In contrast to previous literature , we did not observe a significant increase in soluble carbohydrates or proteins during the drought period, which is typically associated with reducing osmotic pressure (Haddoudi, 2021; Keller & Ludlow, 1993). The concentrations of soluble carbohydrates remained steady at control levels, but it is possible that changes occurred in their composition; different sugars and other carbohydrates can indeed play specific roles in response to abiotic stresses. The closure of stomata during drought greatly reduces carbohydrates which are involved in photosynthesis and involved in the Calvin cycle (Xue et al., 2008). Disaccharide sugars play a role in inhibiting ROS species which may also be the reason there was no increase in flavonoid concentrations. Keller and Ludlow observed a change in composition of carbohydrates in pigeonpea plants from sucrose to pinitol when under drought stress (Keller & Ludlow, 1993).
Similarly, the protein concentration did not exhibit significant changes, despite the potential impact of drought on rubisco expression and activity.

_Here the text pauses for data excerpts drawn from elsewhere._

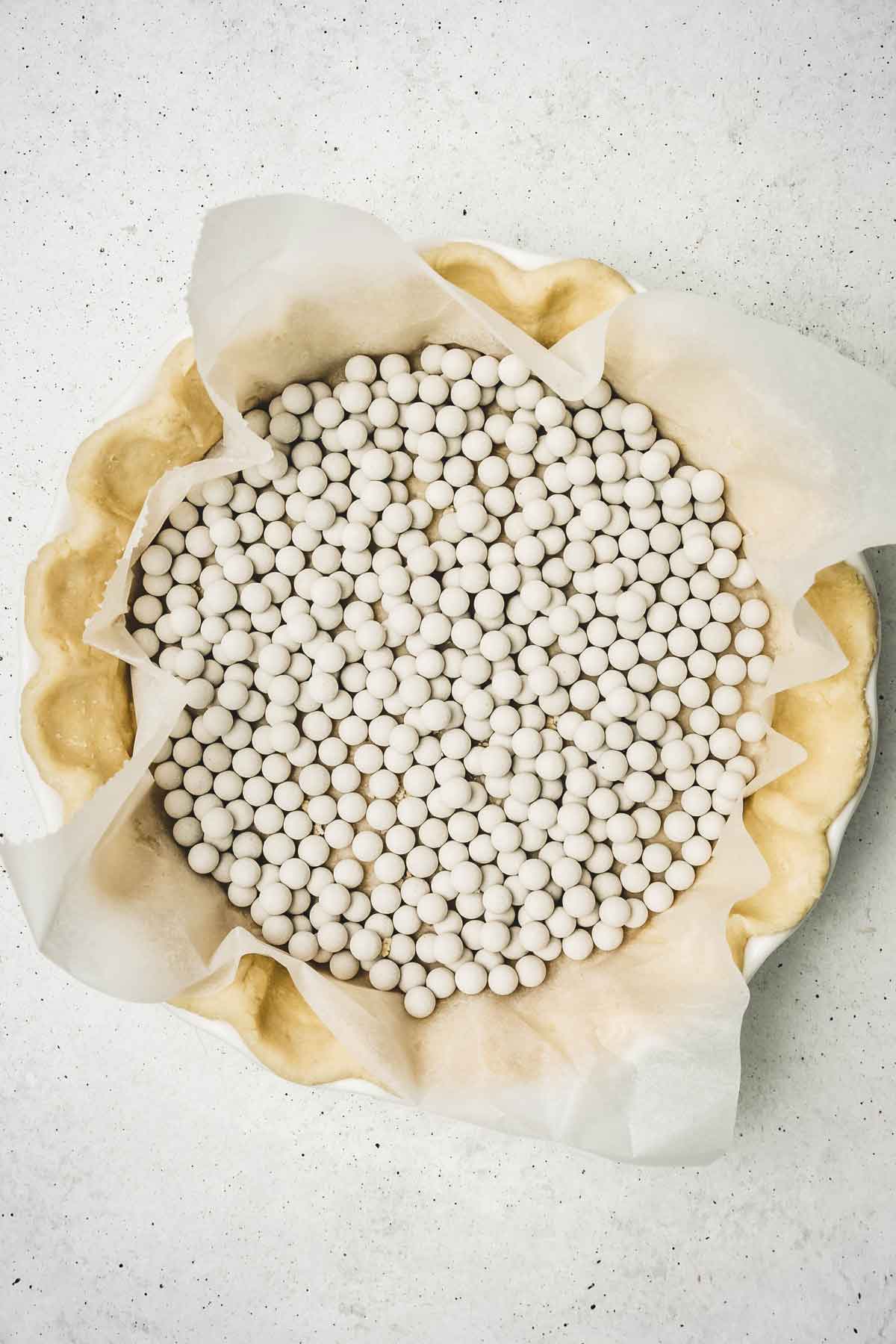 - Roll out the cold pie dough with a rolling pin on a lightly floured surface with a little flour sprinkled between two sheets of parchment paper and line your pie pan or tart ring.
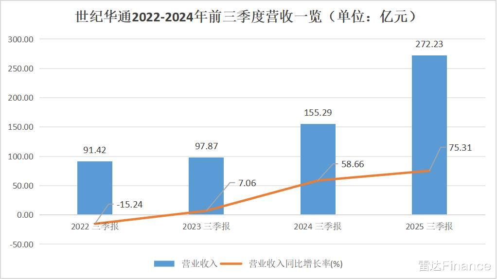 整个前三季度,公司营收达272.23亿元,已超去年全年水平,公司前三季度营收增速为75.31%,创下近年来前三季度营收最高增速。
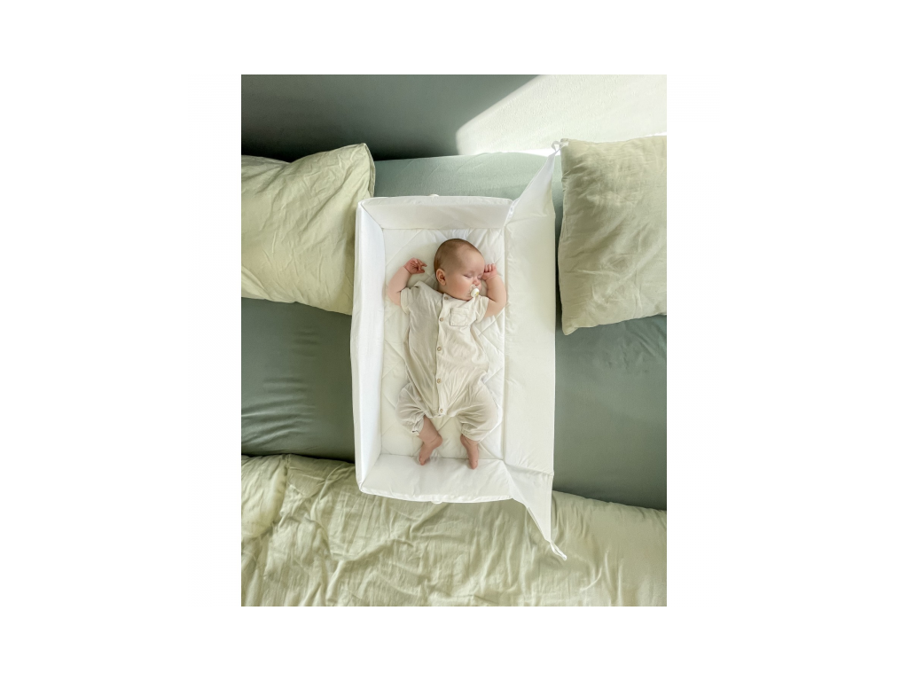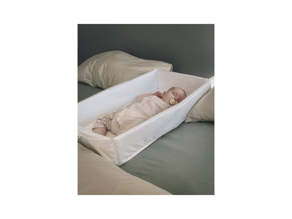 Matrace pro společné spaní s rodiči vytváří miminku vlastní bezpečný prostor přímo v posteli rodičů. Je ideální pro noční kojení i krmení z lahve, protože umožňuje přiblížit dítě k sobě bez nutnosti ho zvedat. Stačí sklopit jednu bočnici, pohodlně si lehnout vedle miminka a po dokrmení bočnici zase zvednout, aby dítě leželo stabilně a bezpečně. Spodní část je vodoodpudivá, aby chránila lůžko před úniky při krmení, ublinknutí nebo protečení pleny.
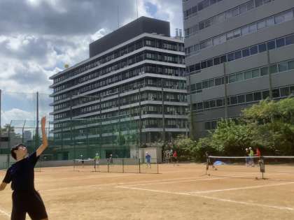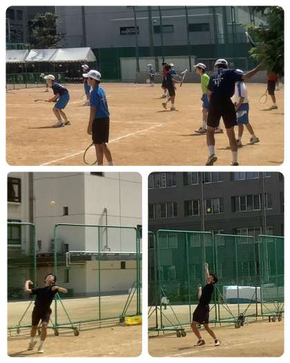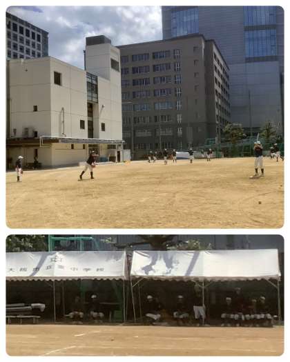 午前中のグランドでは、野球部と男子ソフトテニス部が活動しています。
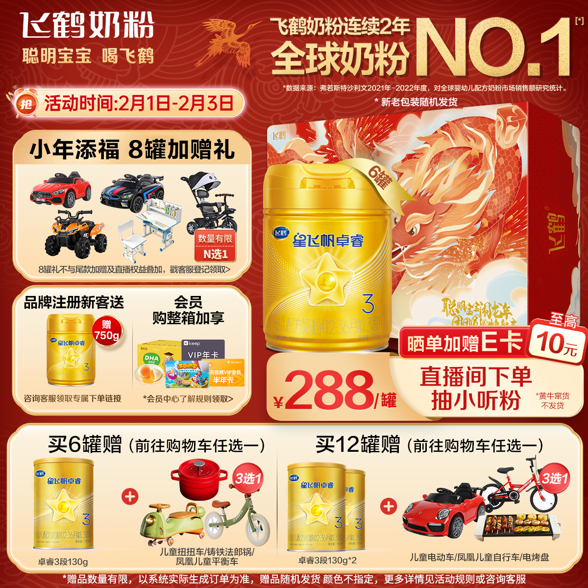 飞鹤星飞帆卓睿经典版 幼儿配方奶粉 3段(12-36月龄)750克*6 乳铁蛋白价格:1963.20元!
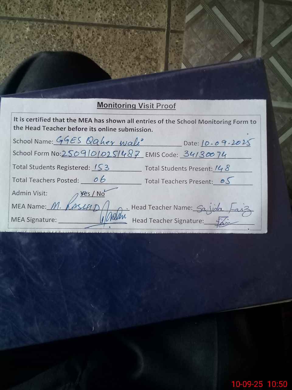 | Attendance Register | Head Teacher | MEA with School | Visit Proof |
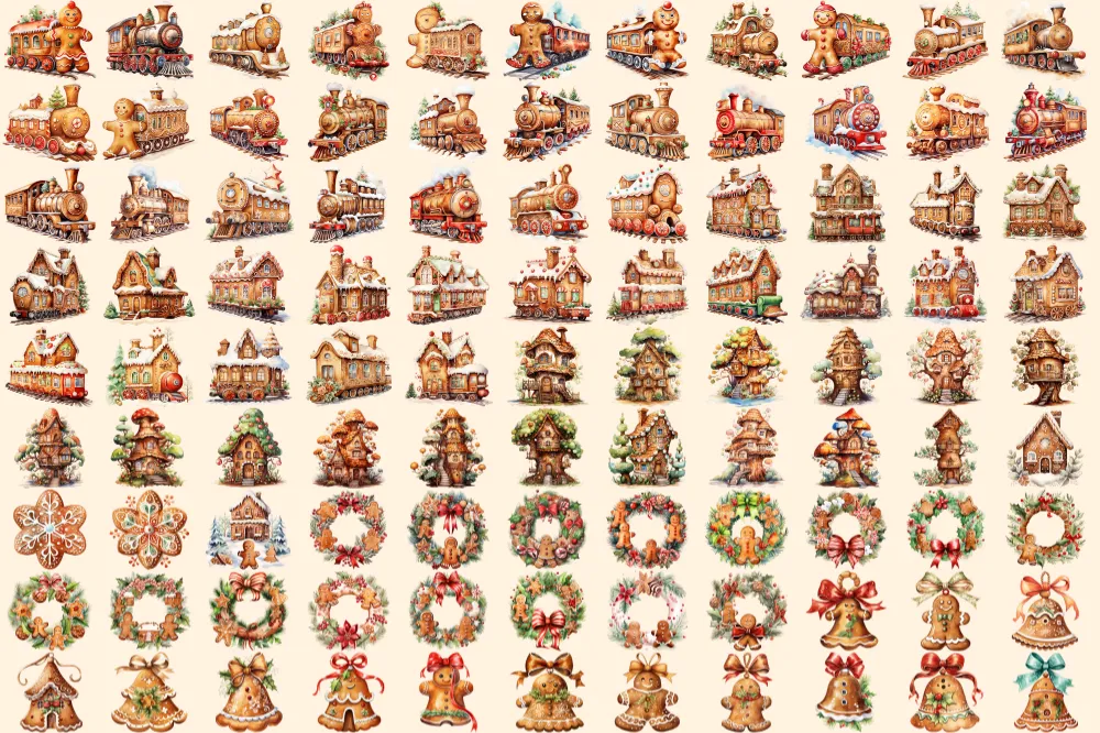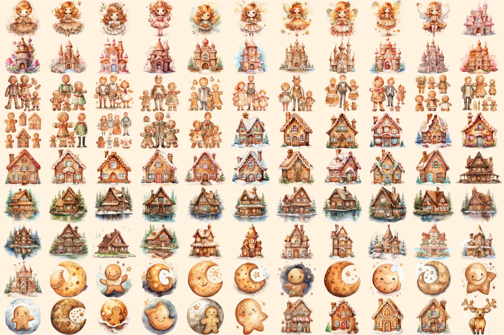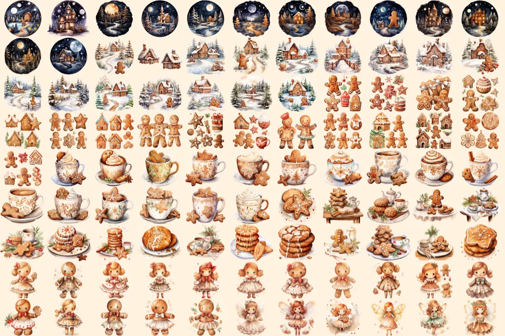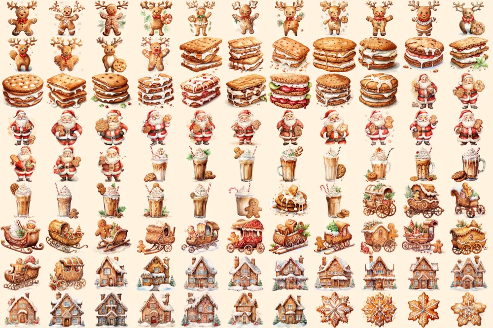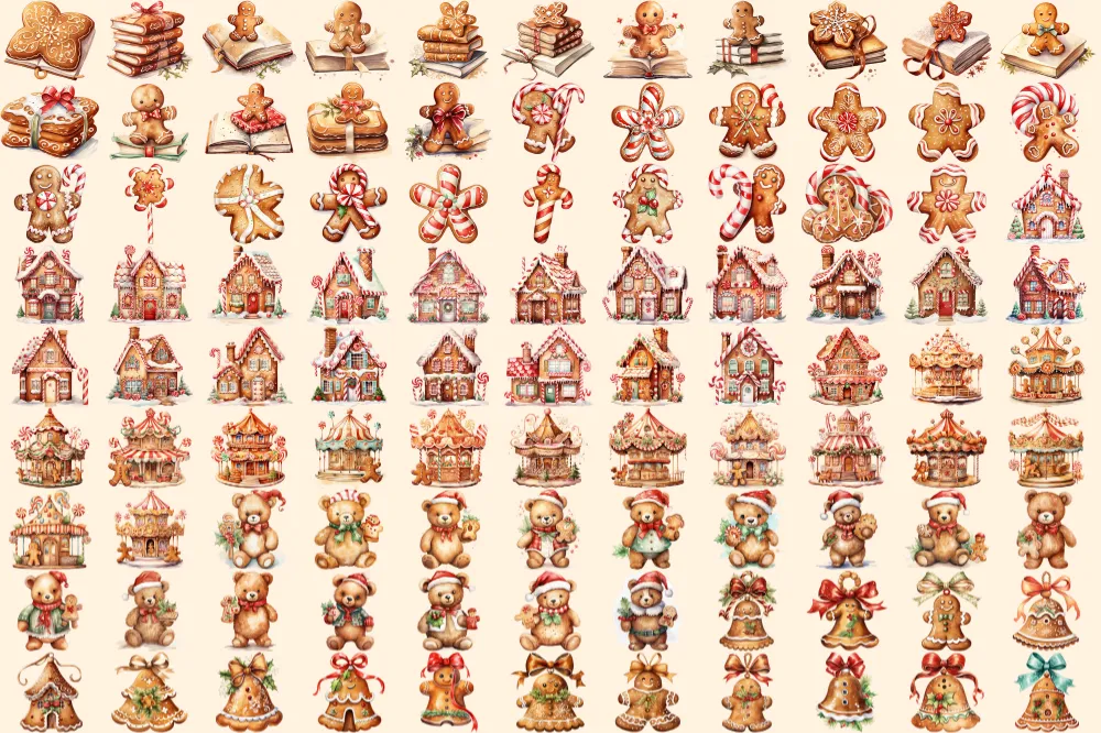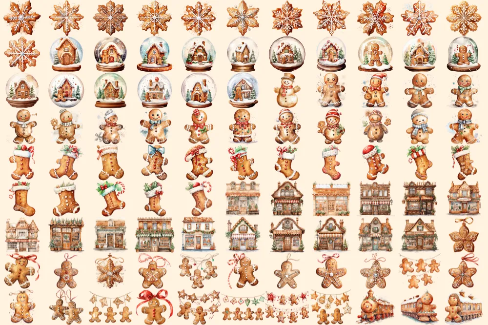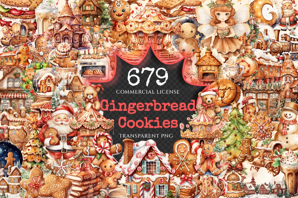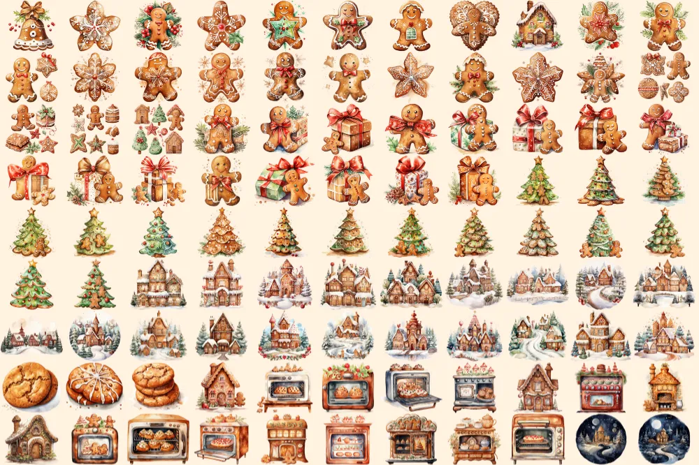 Gingerbread Cookies Watercolor Clipart Bundle – 675+ transparent PNG, Xmas cookies png, Festive baking png, Commercial use, Digital download

Although when exposed to drought plants are known to increase certain proteins such as transporter proteins, dehydrins and heat shock proteins. (Riyazuddin et al., 2017). Similarly to carbohydrates it may be a change in composition which accounts for the lack of significant change in concentrations of proteins.
Plants in symbiosis with nitrogen-fixing organisms have demonstrated greater resilience to water stress compared to Nfed plants, showing more successful recovery after rewatering. Several hypotheses can explain this increased tolerance and recovery: firstly, symbionts have the ability to enhance total plant root biomass and surface area, allowing for enhanced soil exploration and retrieval of remaining water resources (Antolín et al., 1995). Additionally, symbionts can stimulate the production of abscisic acid (ABA), which plays a crucial role in inducing early stomatal closure, resulting in reduced transpiration rates and improved water use efficiency (Paradiso et al., 2017). Moreover, plants with nitrogen-fixing symbiosis exhibit slower and more steady growth compared to those in the nitrogen-fed regime (Antolín et al., 1995; Haddoudi et al., 2021; Lodeiro et al., 2000); this slower growth can contribute to a lower total leaf surface area. Lastly, symbiosis can influence the morphological structure of leaves, resulting in smaller and denser stomata, which can further increase water efficiency (Fenta et al., 2020).
It is important to acknowledge that the previous results were obtained by four different groups and that many of the group members were inexperienced in laboratory work, consequently leading to several errors during the extractions. The limited number of replicas made it challenging to identify and address the unreliable values or to accurately estimate their impact.
As a result, there is a high likelihood of a reduced number of significant relationships or incorrect patterns in the data. To obtain more reliable values, it would be necessary to increase the number of replicas and conduct additional extractions and analyses, thereby expanding the total sample size.